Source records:
************

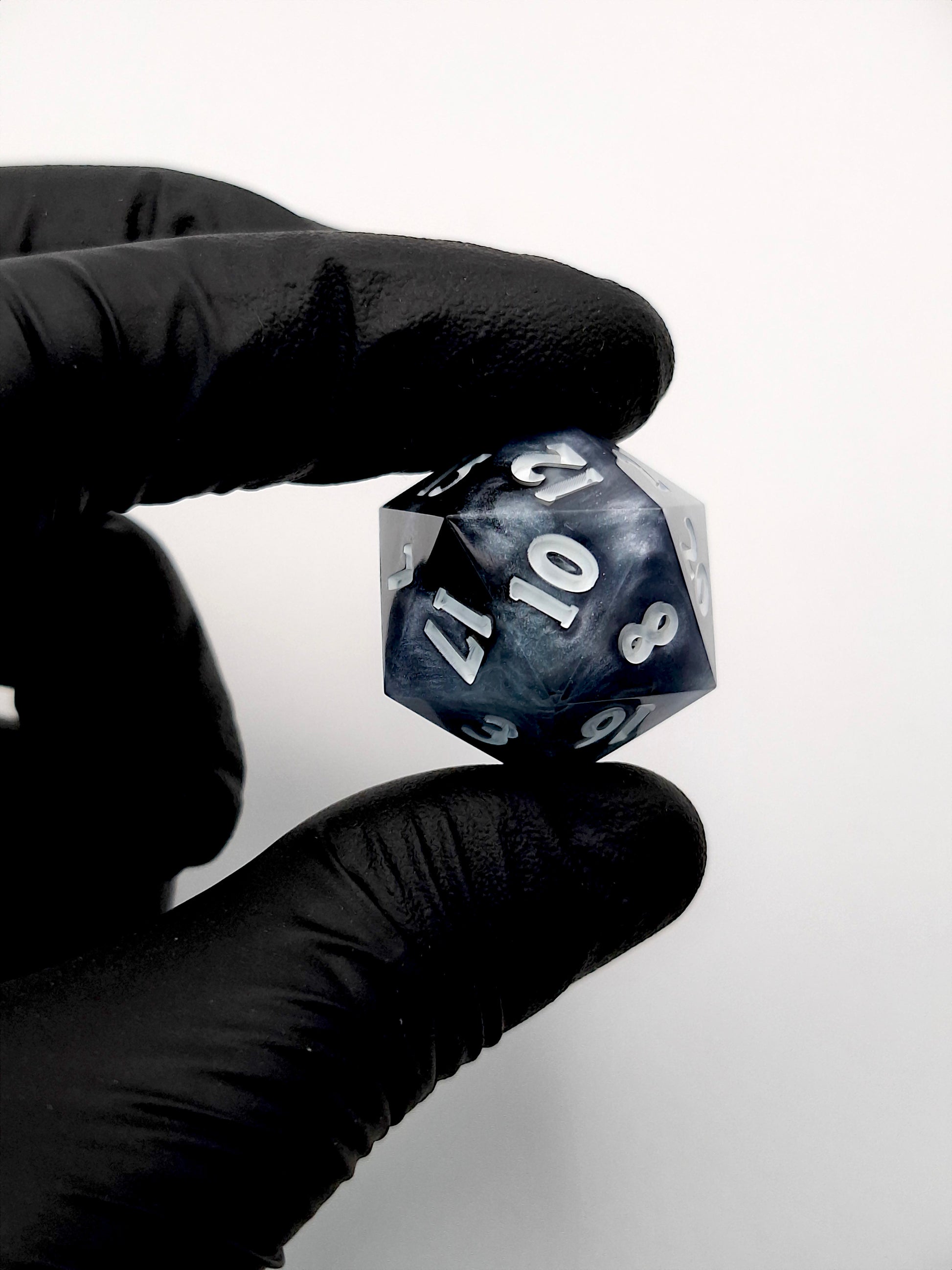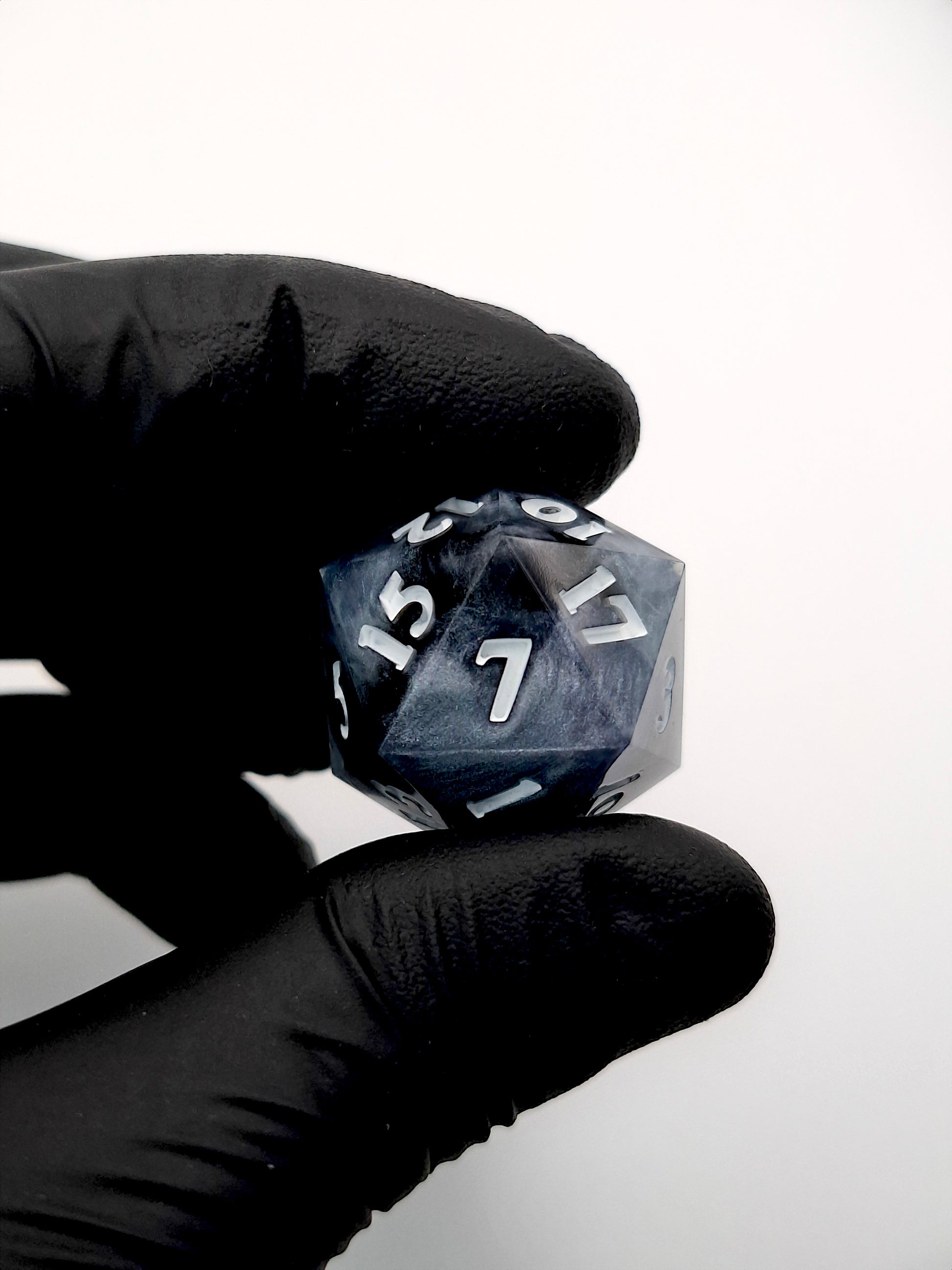 These dice are handmade, and although we work hard to minimize flaws, the sets might occasionally have small imperfections such as micro scratches, small mold marks around the 1 face, tiny bubbles on the surface, patched up surface bubbles, inclusions touching the surface or inking inconsistencies due to the way the paint dried. These have no effect on the balance or the playability of the dice, they’re purely cosmetic. Also note that these pictures were taken in a lightbox. We aim to depict every set as close to their actual color as possible, but the color might also vary in appearance on different screens. Please keep this in mind when you purchase.
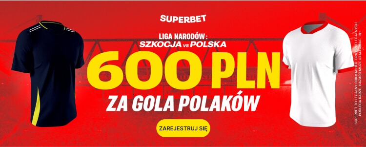 Przy okazji czwartkowego spotkania zwracamy uwagę na świetną ofertę Superbet. Bukmacher oferuje bowiem aż 600 zł extra bonusu za wytypowanie gola dla reprezentacji Polski. Z oferty można skorzystać zakładając konto w Superbet z kodem promocyjnym GOAL. Poniżej krok po kroku wyjaśniamy jak skorzystać z promocji.
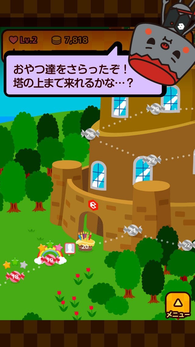 ブラックタワーを攻め落とし、とらわれたよいおやつを全員救出する事が目的だよ。
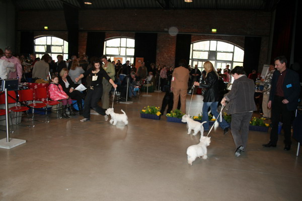 Und dann wurde ich erstmal ,von jedem der mir über den Weg lief, geknubbelt. Alle freuten sich riesig und ich war ganz stolz! So, wenn ihr jetzt denkt das hätte mir schon gereicht, dann hab ihr euch aber getäuscht, denn es ging ja noch um den Titel. Best Puppy in Show Na und wer den bekam brauch ich euch ja nich zu erzählen, ja ICH die Zuckersüße kleine LILLY! Da hatten die anderen Jüngstenhunde garkeine Chance, und was ich besonders toll fand, dass diesmal Frau Freerksen sich für mich entschied...also fanden mich zwei Richter super, hihi, toll oder?
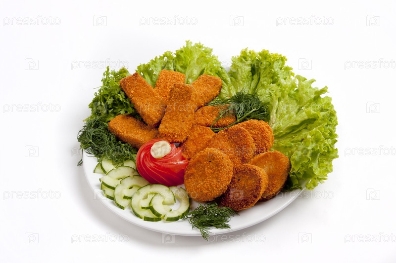 Мясная закуска с овощами на белом фоне
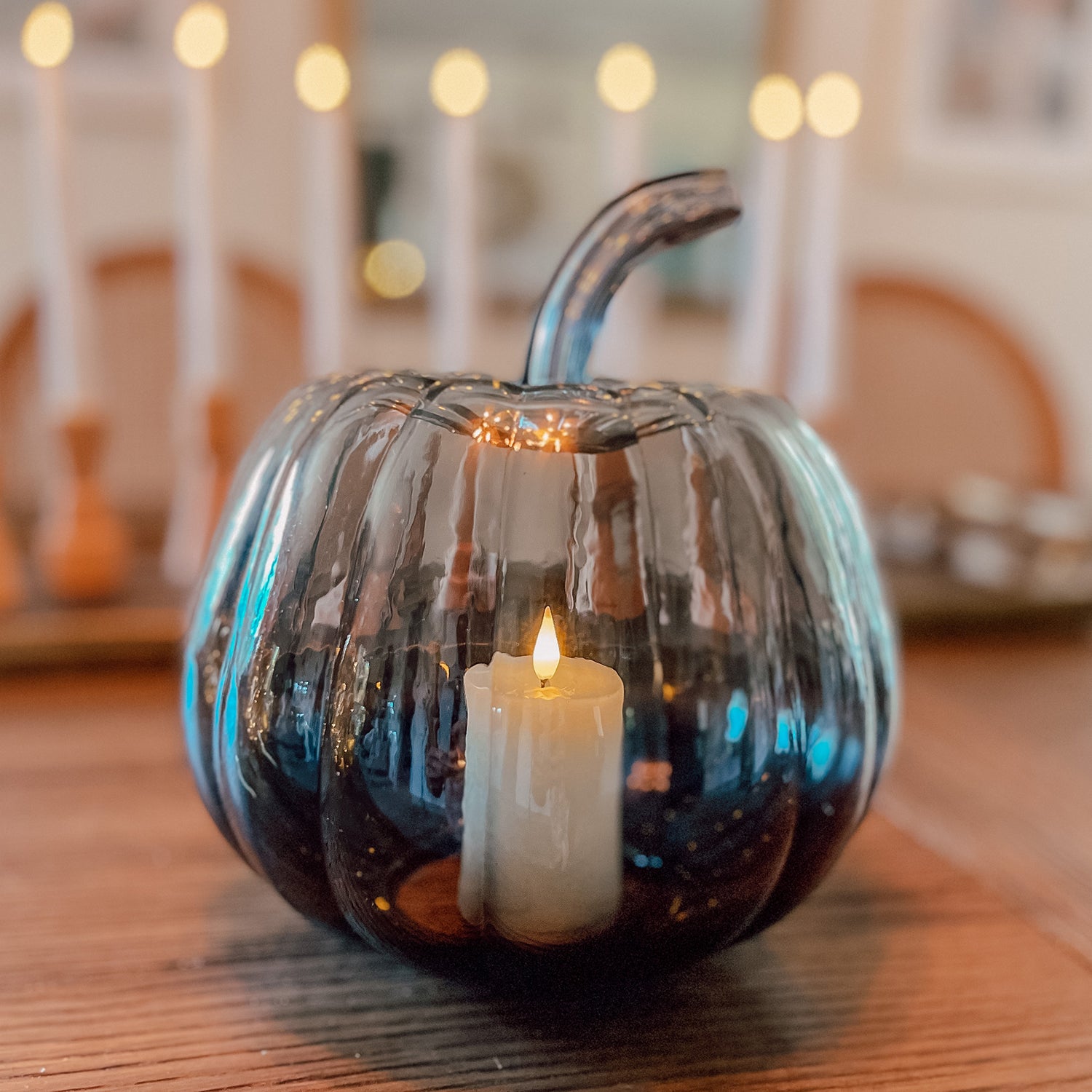 This beautiful decorative glass pumpkin cloche is a chic and modern update to your fall decor. Pair this 8" pumpkin with the included flameless LED votive candle to create a warm moody glow. The grey-to-black ombre-colored glass makes this perfect for Halloween or for a modern black-and-white Thanksgiving display. Intended for indoor use, it can be placed on your mantel or the focal point of your tablescape or window display. This can also be paired with string lights or placed outside with an outdoor candle for trick-or-treaters to enjoy. Substantial in size and versatile in style, the Blair pumpkin is suitable for the entire season!

************

For this answer, return word for word the lines from the first line of the records through the line containing "ブラックタワーを攻め落とし、とらわれたよいおやつを全員救出する事が目的だよ。". Omit the pictures.

 These dice are handmade, and although we work hard to minimize flaws, the sets might occasionally have small imperfections such as micro scratches, small mold marks around the 1 face, tiny bubbles on the surface, patched up surface bubbles, inclusions touching the surface or inking inconsistencies due to the way the paint dried. These have no effect on the balance or the playability of the dice, they’re purely cosmetic. Also note that these pictures were taken in a lightbox. We aim to depict every set as close to their actual color as possible, but the color might also vary in appearance on different screens. Please keep this in mind when you purchase.
 Przy okazji czwartkowego spotkania zwracamy uwagę na świetną ofertę Superbet. Bukmacher oferuje bowiem aż 600 zł extra bonusu za wytypowanie gola dla reprezentacji Polski. Z oferty można skorzystać zakładając konto w Superbet z kodem promocyjnym GOAL. Poniżej krok po kroku wyjaśniamy jak skorzystać z promocji.
 ブラックタワーを攻め落とし、とらわれたよいおやつを全員救出する事が目的だよ。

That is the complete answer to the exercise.